Seasonal Tips - Rose Care
Preparations for Winter
You should have stopped watering your roses in late November (the warmth this year should have had you continue tending them), as you want them to prepare to toughen up for winter. Watering encourages growth that will subject the plant to freezes when it will hurt the most – on new growth. In the same vein, you should not fertilize established roses in the fall.
Canes that have green leaves on them can be left alone. Wait to cut canes until there are no more leaves on the cane. Cut bare canes to about 18”, or short enough to fit under the cones you will use to protect the bush throughout the winter. Cut the trimmed canes into small pieces and dispose of them.
After the ground freezes, cover rose bushes with either 12” high mounds of soil, or rose cones. Another option is to place cages of chicken wire around the trimmed bushes (18” high and wide) and fill these with leaves.
You should not do any more pruning – unless you have canes that are damaged by harsh winter weather.
Remember to keep track of your rose care in your gardening journal. This will become invaluable to you as the years progress and your garden matures.
Rose Diseases
Rose Black Spot, a common disease on roses, overwinters on fallen leaves. Remove all fallen leaves and other debris from around rose bushes. The signs of Black Spot disease are black spots with yellow edges on the leaves. As the disease progresses the yellow areas spread, leaves fall off prematurely and stems die back from the tip. Since it overwinters in infected leaves and stems, and can be difficult to control, the best solution is to trim off all infected stems and canes, and remove them completely from your property. Black Spot typically isn’t clearly visible until mid-summer (usually in July) and the severity depends on the variety of rose – some are resistant while others seem to invite Black Spot like it’s a favorite party guest. Warm, wet weather can also encourage Black Spot. You can also spray for this; be sure that whatever you use contains myclobutanil, and that you spray when leaf buds are opening, and then again a week later. Spray again when spots first appear, and then every two weeks to maintain control.

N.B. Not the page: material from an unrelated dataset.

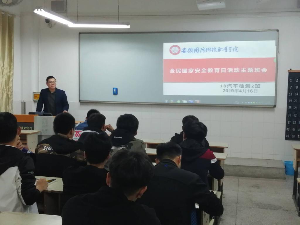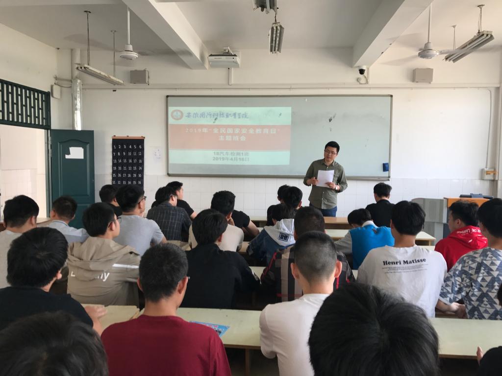 本网讯(汽车技术学院 朱其阳)今年4月15日是我国第四个全民国家安全教育日,为深入学习贯彻习近平新时代中国特色社会主义思想,进一步增强广大师生国家安全意识,筑牢校园安全防线,按照学校《关于开展2019年“全民国家安全教育日”活动的通知》文件精神,4月12日—4月17日,汽车技术学院组织在各班级开展“全民国家安全法治”宣传教育活动。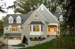 Forget one-note home exteriors. A facade that combines stone and shingle gives houses depth, character and curb appeal

Rose Mildew is another widespread disease of roses. It’s a form of powdery mildew that develops on leaves, buds and shoots. Affected leaves curl and may fall off prematurely, diseased buds may not open properly or at all. This disease is encouraged by closed-in conditions (typically the cause of all powdery mildews) that discourage the free movement of air. Other conditions that support this disease are dryness at the roots of the rose bushes, poor feedings (remember you should fertilize your roses during growing season!) and hot days followed by cold nights. Be sure there is adequate space between rose bushes and walls. To control, cut off and dispose of infected shoots. Use a balanced fertilizer that isn’t nitrogen-rich (such as 10-10-10, or 15-30-15). If you chose to spray, be sure what you use contains myclobutanil or carbendazim. Begin spraying when the first spots are seen, and every two weeks thereafter.
Spring Care
Pruning
Prune your roses in the spring to remove weak or dead stems. Follow these steps to ensure proper pruning.
Watering and Fertilizing
You’ve heard me ramble on and on about mulch – here I go again. A good layer of mulch not only helps reduce the weeds and keeps soil from compacting (thereby ensuring there’s sufficient air in the soil for your plants to be able to grow and absorb nutrients), it also keeps your precious water from evaporating, and reduces the chances that heavy rains will splash water up onto the plant, which can spread diseases. Your roses need about one inch of water per week. Remember, when you’re doing the water (when Mother Nature isn’t doing it for you) to water the plant, not the leaves – keep the water at the base of the plant. This is most easily done with a watering wand or soaker hose.
Fertilize your roses once a month from spring until midsummer with a balanced fertilizer (such as 10-10-10). You can use either pelleted or water-soluble fertilizer, just be sure to follow the instructions on the label, and to stop fertilizing after August 1.